Organic solar cells are nearing 20 % power conversion efficiency [5] and work fundamentally differently, since the charge generation needs to overcome the substantial binding energy of the primary, optically-generated exciton. Our current interest in organic PV is due to indoor applications for the internet-of-things where organic materials easily surpass 20 % power conversion efficiency.
However, it is currently accepted knowledge that both types of devices are limited by open-circuit voltage (VOC), whereas short circuit density and fill factor are close to the theoretical limits. Thus, we are interested in pushing the limit of (VOC) since there is more potential to increase performance of current PV devices. Because the maximum (VOC) with a given band gap of the material [6] (or charge transfer state in organics [7]) is inherently linked to radiative recombination in solar cells [8], electroluminescence (EL) is a viable method [3, 4, 9] to investigate potential improvements. The challenge is, however, to detect a low number of photons in the near IR. The devices are driven at voltages close to the thermodynamic limit (i.e. band gap or VOC) and low currents. This causes, in some cases, low quantum yields in recombination being on the order of 10-5 to 10-3 as opposed to the best devices [3, 4].

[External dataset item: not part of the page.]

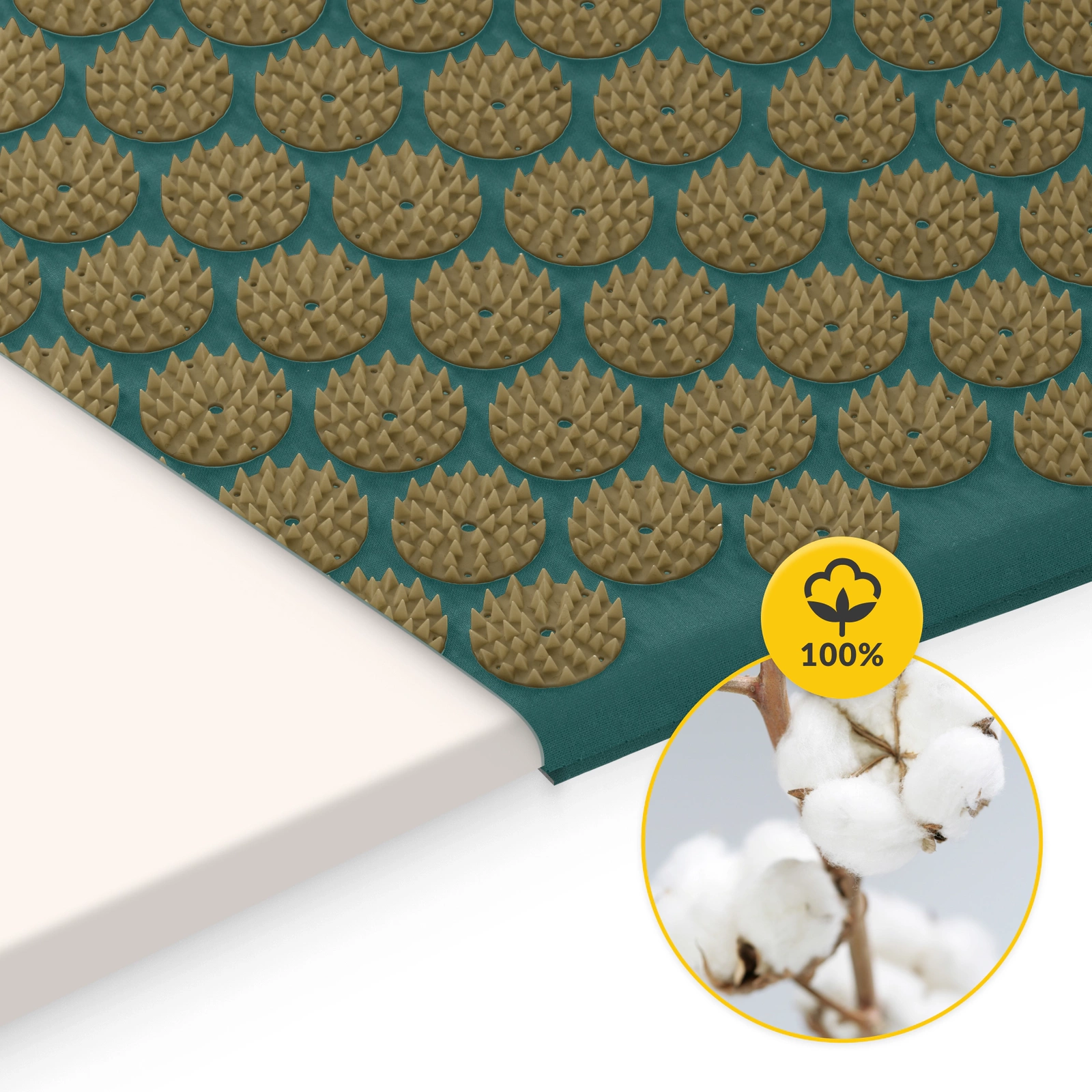 A 4FIZJO akupresszúrás szőnyeg párnával a legmagasabb minőségű prémium termék. A párnahuzat varrásához 100% pamut került felhasználásra. Ez a finom és puha tapintású természetes anyag légáramlást és megfelelő légkeringést biztosít. Ezáltal a szőnyeg egyszerre bőr- és környezetbarát. A fekvés vagy ülés kényelmét és komfortját a szőnyeg borítását és párnáit kitöltő puha hab biztosítja.

In order to measure EL reliably, we use a fibre coupled Kymera 328i-B2-SIL spectrograph equipped with two 150 l/mm gratings blazed at 800 nm and 1450 nm. Attached on one exit port is an iDus InGaAs photo-diode array DU491A-1.7. The fibre is brought into contact with the transparent glass of the PV device which is driven by a Keithley SMU at a voltage as low as possible or in some cases at a short circuit current density corresponding to AM1.5 solar illumination (100 mWcm2). Data acquisition is done using the Andor Solis software.

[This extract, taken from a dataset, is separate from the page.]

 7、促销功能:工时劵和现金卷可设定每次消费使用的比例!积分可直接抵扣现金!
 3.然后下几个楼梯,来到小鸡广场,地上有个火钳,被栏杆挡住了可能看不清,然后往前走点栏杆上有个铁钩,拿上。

First, we take a closer look to the PVSK device. In Fig. 1 a typical device layout of a pin junction is depicted.
Figure 1: Sketch of the device architecture of a MAPbI3 (PVSK) single junction photovoltaic cell. ITO is the transparent electrode on a glass substrate, HTL is a hole transport layer covered with an interfacial layer made of the ionic polymer PFN-Br. The active absorbing and charge generating layer is the perovskite MAPbl3 covered with electron transport layer C60, blocking layer BCP and finally the back electrode made of silver (Ag). For the present experiment we varied the properties of the HTL layer.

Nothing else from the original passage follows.